Human resources departments are turning to information gleaned from artificial intelligence to make policy decisions in the workplace, such as who to hire or fire, and to gauge how an employee feels about their boss. Companies have used technology to evaluate employee work performance and productivity for years but are now using software to analyze differences in what an employee says from how they actually feel.


SPS Companies Inc., administers a confidential survey to the steel processor’s 600 employees each year, from warehouse employees to top management. The survey asks questions such as whether the employee feels micromanaged and whether they are getting the opportunities they need to grow in their profession.  They are also asked about how they see themselves as a valued employee of the company.


SPS used the artificial intelligence tool Xander for the first time to help human resources evaluate if their employees are optimistic, confused or angry about their jobs, to help the company better address employee concerns to management. The software analyzes survey answers by assigning attitudes or opinions to employees based on certain language used to answer open-ended questions.  SPS executives were able to see how well they scored on such things as their temperament and composure when under stress, and whether their employees felt they were fair and honest.


Research that tracks an employee’s emotions are key to understanding how they are motivated to do their job, and whether it will be done successfully, according to experts at Daoine Centric LLC. This research may also give insight into why an employee leaves his or her job.

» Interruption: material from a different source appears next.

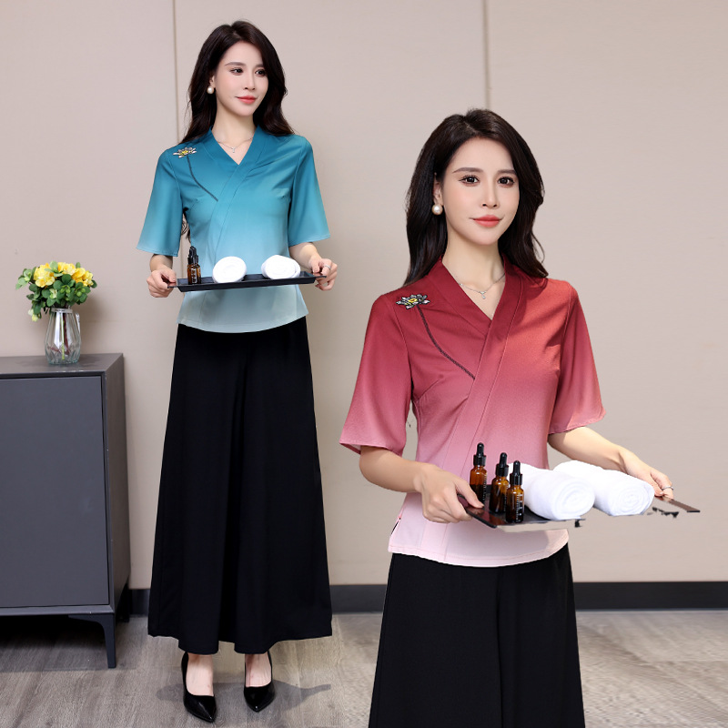 2022 baru pakaian kerja teknisi pijat kaki wanita toko pijat kaki Pusat Kesehatan setelan bordir kaki lebar pakaian kerja temperamen setengah lengan

The use of artificial intelligence tools by employers world-wide exceeds 40 percent according to a study from Deloitte. Government regulators are struggling to keep up with its use as more human resource departments use artificial intelligence to make decisions about hiring, firing and compensation for employees. The Equal Employment Opportunity Commission (EEOC) has concerns about how the use of AI may lead to discrimination of certain employees and is in the process of developing official guidelines to deal with potential new barriers for employment for protected classes of employees and minorities. In the meantime, employment law expert Garry Mathiason recommends that companies still engage in person to person evaluation of work performance by human resources and provide full disclosure of how any AI data collected from a survey will be used.